Temporal non-stationarity

Modeling non-stationary seismicity brings complications far beyond those of steady state. With sufficient data these have already been addressed successfully by ETAS models14,15,16,18,20,21. But since our purpose is to consider the added complication of small catalogs we therefore choose as an alternative the Gamma form (1). It is admittedly more empirical, but it has a minimum number of parameters and contains the Poisson process for \(k = 1\). Gamma-type data collapse has been observed in interevent statistics of steady-state cases, see e.g.26,29,42, although deviations may occur at the shortest interevent times27,28,30,31. As a non-stationary extension we propose a Gamma Instantaneous Accelerated-Failure-Time (IAFT) model. In this case the hazard for \(k=1\) still equals \(1/\tau (t)\), independent of the time u since a previous event, giving rise to a non-homogeneous Poisson process. We assume that case to represent the memoryless process of the operationally induced background events, with rate \(1/\tau (t)\), while \(k<1\) decreases the expected interevent time and thus indicates the presence of aftershocks. There is no unique modification of the Gamma distribution to account for non-stationarities and accurately model the process for \(k<1\).
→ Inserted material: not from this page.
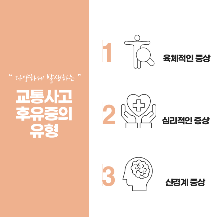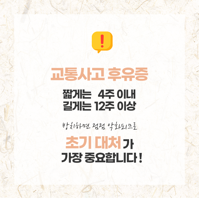 교통사고 후 수주 혹은 수개월이 지나도 계속되는 통증, 뻐근함, 피로감은 단순히 시간이 지나면 해결되는 문제가 아닙니다. 이런 증상은 명확한 신체 신호이며, 반드시 체계적인 검진과 치료가 필요합니다. 특히 사고 당시 경미하다고 생각했던 충격도 시간이 지남에 따라 증상이 심해질 수 있으므로, 초기부터 의료기관에서 정확한 진단과 적절한 치료를 받는 것이 후유증 없는 완전한 회복을 위해 중요합니다.

To define our modified hazard, we choose to start from the process-controlled background rate and keep the functional form (1). We allow the background rate to depend on J time- and space-varying covariates \(\varvec{y}= \left( y_{1},\dots ,y_{J}\right)\), e.g. injection/production rate. For the background rate in region x we introduce the functional relation

$$\begin{aligned} 1/\tau _{x}(t)=\exp \Big (\textstyle \sum _{j=1}^{J} \beta _{j}y_{j}(x,t)\Big )/\tau _{0}, \end{aligned}$$
(2)

where \(y_{j}(x,t)\) equals the value of the \(j{\text {th}}\) covariate at time t since the starting point, in region x, and \(\beta _{j}\) represents the effect of the \(j{\text {th}}\) covariate. We employ the exponential function to guarantee a positive background rate, and a linear first-order approximation of its argument. Note that this way of modeling the background rate does not depend on the choice for the Gamma distribution and could also be used in e.g. an ETAS model. When we assume that covariates are approximately constant in regions, the total background rate is the sum over the time-dependent background rates of all regions:

$$\begin{aligned} 1/\tau (t)=\textstyle \sum _{x\in X} 1/\tau _{x}(t), \end{aligned}$$
(3)

where X equals the field of interest. To distinguish between the global time t and interevent time u, let \(t_{l}\) represent the point in time when the previous event occurred. Our Gamma IAFT model is then defined by linking the field hazard rate h at time \(t=t_{l}+u\) to the total background rate at that time as:

$$\begin{aligned} h(u,t_{l},k)=h_{0}(u,\tau (t_{l}+u),k). \end{aligned}$$
(4)

In words, the Gamma IAFT hazard at time \(t = t_{l} + u\) equals the hazard rate of a standard Gamma distribution with shape parameter k, but ‘accelerated’ with the time-scale parameter \(\tau (t_{l} + u)\) of that instantaneous time. Note that h depends on the interevent time u via the functional form of \(h_{0}(u,\tau ,k)\), as well as via a change in the global time \(t=t_{l}+u\). Since the scale parameter \(\tau (t)\) does change over the global time scale, the process is no longer renewal, in the sense that the interevent times remain not identically distributed53.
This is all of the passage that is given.